• **Work task**:
All lines from the one containing "Este retrógrado festivo" down to the one containing "BeschreibungAuf steinigem Untergrund, der", both ends included, are to be given again exactly; omit the rest of the listing below.

• **Excerpted data**:
-*-*-
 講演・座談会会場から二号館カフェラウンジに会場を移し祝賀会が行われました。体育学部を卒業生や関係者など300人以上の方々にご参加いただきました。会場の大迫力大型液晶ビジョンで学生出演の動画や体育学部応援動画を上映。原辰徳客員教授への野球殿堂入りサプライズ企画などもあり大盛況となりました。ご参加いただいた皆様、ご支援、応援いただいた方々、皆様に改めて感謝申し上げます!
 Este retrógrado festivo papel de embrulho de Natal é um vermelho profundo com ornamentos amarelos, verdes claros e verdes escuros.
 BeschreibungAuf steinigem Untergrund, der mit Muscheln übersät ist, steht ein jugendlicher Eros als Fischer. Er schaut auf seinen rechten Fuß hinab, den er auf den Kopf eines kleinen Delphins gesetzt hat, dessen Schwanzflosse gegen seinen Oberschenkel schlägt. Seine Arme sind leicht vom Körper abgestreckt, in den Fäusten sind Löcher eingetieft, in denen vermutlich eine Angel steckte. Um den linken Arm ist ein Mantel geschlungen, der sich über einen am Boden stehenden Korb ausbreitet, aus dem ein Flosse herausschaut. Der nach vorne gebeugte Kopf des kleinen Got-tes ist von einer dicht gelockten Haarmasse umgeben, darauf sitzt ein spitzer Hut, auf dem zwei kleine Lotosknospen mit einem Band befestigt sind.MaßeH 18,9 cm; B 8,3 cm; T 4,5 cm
-*-*-
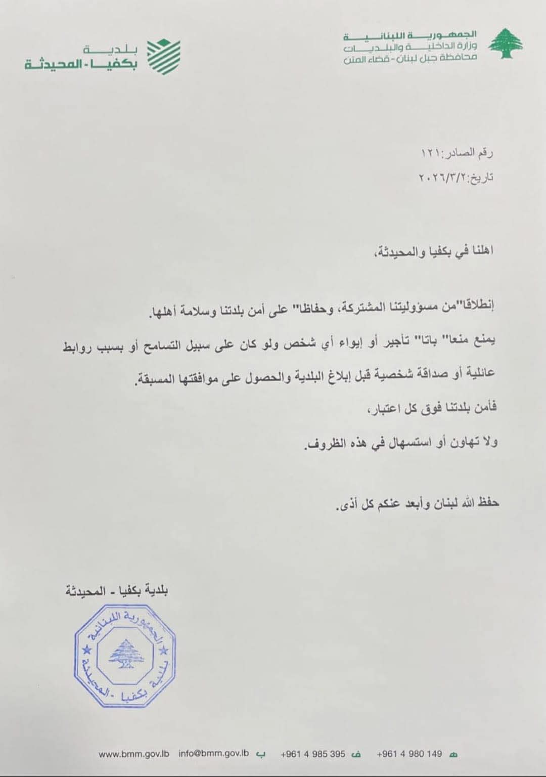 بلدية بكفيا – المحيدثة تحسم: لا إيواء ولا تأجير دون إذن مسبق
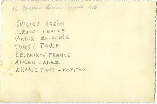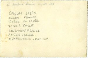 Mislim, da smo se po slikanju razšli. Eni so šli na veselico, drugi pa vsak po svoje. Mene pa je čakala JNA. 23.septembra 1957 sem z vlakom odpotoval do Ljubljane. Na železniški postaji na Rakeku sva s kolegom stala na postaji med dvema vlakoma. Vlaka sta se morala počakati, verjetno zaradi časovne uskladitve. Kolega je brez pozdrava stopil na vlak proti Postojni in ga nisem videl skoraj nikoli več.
-*-*-
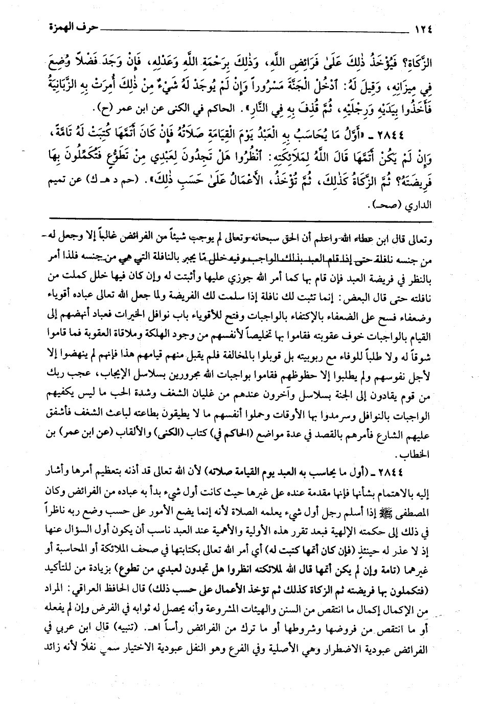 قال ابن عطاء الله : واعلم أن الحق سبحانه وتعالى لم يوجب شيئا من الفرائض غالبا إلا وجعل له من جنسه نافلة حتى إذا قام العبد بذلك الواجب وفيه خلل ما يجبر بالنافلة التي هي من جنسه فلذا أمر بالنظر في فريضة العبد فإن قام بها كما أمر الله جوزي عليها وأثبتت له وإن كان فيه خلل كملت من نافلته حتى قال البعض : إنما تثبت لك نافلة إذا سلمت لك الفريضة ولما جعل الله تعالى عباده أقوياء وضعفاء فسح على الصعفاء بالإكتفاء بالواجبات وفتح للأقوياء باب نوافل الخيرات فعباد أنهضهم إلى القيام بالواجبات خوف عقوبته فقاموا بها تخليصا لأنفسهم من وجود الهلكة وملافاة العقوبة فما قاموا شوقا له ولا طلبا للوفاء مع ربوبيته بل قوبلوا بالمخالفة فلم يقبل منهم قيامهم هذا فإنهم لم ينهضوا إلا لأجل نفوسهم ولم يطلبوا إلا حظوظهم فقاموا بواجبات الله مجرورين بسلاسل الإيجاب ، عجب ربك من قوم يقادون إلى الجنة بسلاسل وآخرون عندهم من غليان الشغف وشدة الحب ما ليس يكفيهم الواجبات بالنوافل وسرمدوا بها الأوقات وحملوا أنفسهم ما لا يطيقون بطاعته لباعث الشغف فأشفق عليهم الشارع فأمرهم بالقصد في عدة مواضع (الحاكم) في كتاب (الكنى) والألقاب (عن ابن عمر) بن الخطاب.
-*-*-
• **Solution**:
 Este retrógrado festivo papel de embrulho de Natal é um vermelho profundo com ornamentos amarelos, verdes claros e verdes escuros.
 BeschreibungAuf steinigem Untergrund, der mit Muscheln übersät ist, steht ein jugendlicher Eros als Fischer. Er schaut auf seinen rechten Fuß hinab, den er auf den Kopf eines kleinen Delphins gesetzt hat, dessen Schwanzflosse gegen seinen Oberschenkel schlägt. Seine Arme sind leicht vom Körper abgestreckt, in den Fäusten sind Löcher eingetieft, in denen vermutlich eine Angel steckte. Um den linken Arm ist ein Mantel geschlungen, der sich über einen am Boden stehenden Korb ausbreitet, aus dem ein Flosse herausschaut. Der nach vorne gebeugte Kopf des kleinen Got-tes ist von einer dicht gelockten Haarmasse umgeben, darauf sitzt ein spitzer Hut, auf dem zwei kleine Lotosknospen mit einem Band befestigt sind.MaßeH 18,9 cm; B 8,3 cm; T 4,5 cm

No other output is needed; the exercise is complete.